PengNi / ccsmeth

Detecting DNA methylation from PacBio CCS reads
BSD 3-Clause Clear License
72 stars 11 forks source link

Index error during align_reads in denovo mode #46

Open Surbhigrewal opened 11 months ago

Surbhigrewal commented 11 months ago

Hi there,

I'm getting the below error after the call_mods has generated the bam file and I use it to align to ref. It generated the pbmm2.bam file but could not create the BAI index.

2023-12-06 17:30:58 - INFO - stdout:

2023-12-06 17:30:58 - INFO - stderr:
>|> 20231206 16:33:04.637 -|- WARN -|- AlignSettings -|- 0x2b9fefede340|| -|- Requested more threads for alignment 
(160) than system-wide available (40)
>|> 20231206 16:33:04.689 -|- WARN -|- operator() -|- 0x2b9fefede340|| -|- Input is aligned reads. Only primary 
alignments will be respected to allow idempotence!
[E::hts_idx_check_range] Region 536851006..536880338 cannot be stored in a bai index. Try using a csi index
[E::sam_index] Read 'm64164_220611_190014/99878424/ccs' with ref_name='Chr1At', ref_length=614431332, 
flags=0, pos=536851007 cannot be indexed
>|> 20231206 17:30:58.187 -|- FATAL -|- Close -|- 0x2b9fefede340|| -|- pbmm2 align ERROR: BAI Index Generation: 
Failed to create index for output.hifi.call_mods.modbam.pbmm2.bam

I tried to run pbmm2 directly using this code which allows for a CSI index to be created by pbmm2 and samtools

pbmm2 align --preset CCS -j 40 --sort  --bam-index CSI ref.fasta output.hifi.call_mods.modbam.bam 
output.hifi.call_mods.modbam.pbmm2.bam && samtools index -@ 40 -c output.hifi.call_mods.modbam.pbmm2.bam

I proceeded to the call modification freq step using the aggregate mode with the above bam and index files and got the below error which means the CSI index file is not being recognised and samtools tries to create a BAI index again and fails.

2023-12-06 23:40:49 - INFO - [main]call_freq_bam starts
2023-12-06 23:40:49 - INFO - indexing bam file-output.call_mods.modbam.pbmm2.bam

[E::hts_idx_check_range] Region 536851006..536880338 cannot be stored in a bai index.
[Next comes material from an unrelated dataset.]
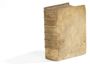d’un double encadrement de filets, de fleurons aux angles et d’un fer stylisé au centre, dos à nerfs orné de roulettes à froid, titre à l’encre, tranches mouchetées (reliure de l’époque). Belle et rare édition bilingue hébreu-latin, réunissant la grande et la petit chronique des Hébreux, connues respectivement sous les titres de Seder Olam Rabba (Grand Ordre du monde) et Seder Olam Zoutta (Petit Ordre du monde), traduites en latin et publiées par Jean Meyer (1652-1725), docteur en théologie et professeur de langues orientales à l’université de Hardewijk aux Pays-Bas. Les deux traités n’occupent que les 118 premières pages. Ils sont suivis des prolégomènes, de 3 dissertations, d’importantes notes et commentaires, couvrant les pages 231 à 1144, et de l’index. Il s’agit de l’une des meilleures éditions anciennes de ces chroniques, parue pour la première fois en 1699. Il semblerait que cette édition ne soit qu’une remise en vente de celle de 1699, avec simplement un titre de relais à la date de 1706. La collation est effectivement identique et l’on retrouve bien l’errata et le colophon daté de 1699 avec le nom de l’imprimeur : Albertus Sas à Hardewijk. Exemplaire très bien conservé dans sa première reliure présentant d’inévitables salissures. Manque les liens, un coin abîmé.

Try using a csi index
[E::sam_index] Read 'm64164_220611_190014/99878424/ccs' with ref_name='Chr1At', ref_length=614431332, flags=0, pos=536851007 cannot be indexed
Traceback (most recent call last):
  File "//miniconda3/envs/ccsmeth/bin/ccsmeth", line 10, in <module>
    sys.exit(main())
  File "/miniconda3/envs/ccsmeth/lib/python3.8/site-packages/ccsmeth/ccsmeth.py", line 795, in main
    args.func(args)
  File "/miniconda3/envs/ccsmeth/lib/python3.8/site-packages/ccsmeth/ccsmeth.py", line 44, in main_call_freqb
    call_mods_frequency_from_bamfile(args)
  File "/miniconda3/envs/ccsmeth/lib/python3.8/site-packages/ccsmeth/call_mods_freq_bam.py", line 688, in call_mods_frequency_from_bamfile
    index_bam_if_needed2(inputpath, args.threads)
  File "/miniconda3/envs/ccsmeth/lib/python3.8/site-packages/ccsmeth/utils/process_utils.py", line 280, in index_bam_if_needed2
    pysam.index("-@", str(threads), inputfile)
  File "/miniconda3/envs/ccsmeth/lib/python3.8/site-packages/pysam/utils.py", line 83, in __call__
    raise SamtoolsError(
pysam.utils.SamtoolsError: 'samtools returned with error 1: stdout=, stderr=samtools index: failed to create index for "output.hifi.call_mods.modbam.pbmm2.bam": Numerical result out of range\n'

What is the workaround for this please?

PengNi commented 11 months ago

Hi @Surbhigrewal , thank you very much for reporting this. I didn't consider this kind of case that the size of a chromosome is >512MB before. I have updated the code, please try the latest version of ccsmeth.

Best, Peng

Surbhigrewal commented 11 months ago

I got around the problem by renaming my .csi index as .bai. This started generating a bed file but the process is quite slow. I'm wondering if it is due to the incorrect type of index file. But thank you for sorting out the indexing and updating the software.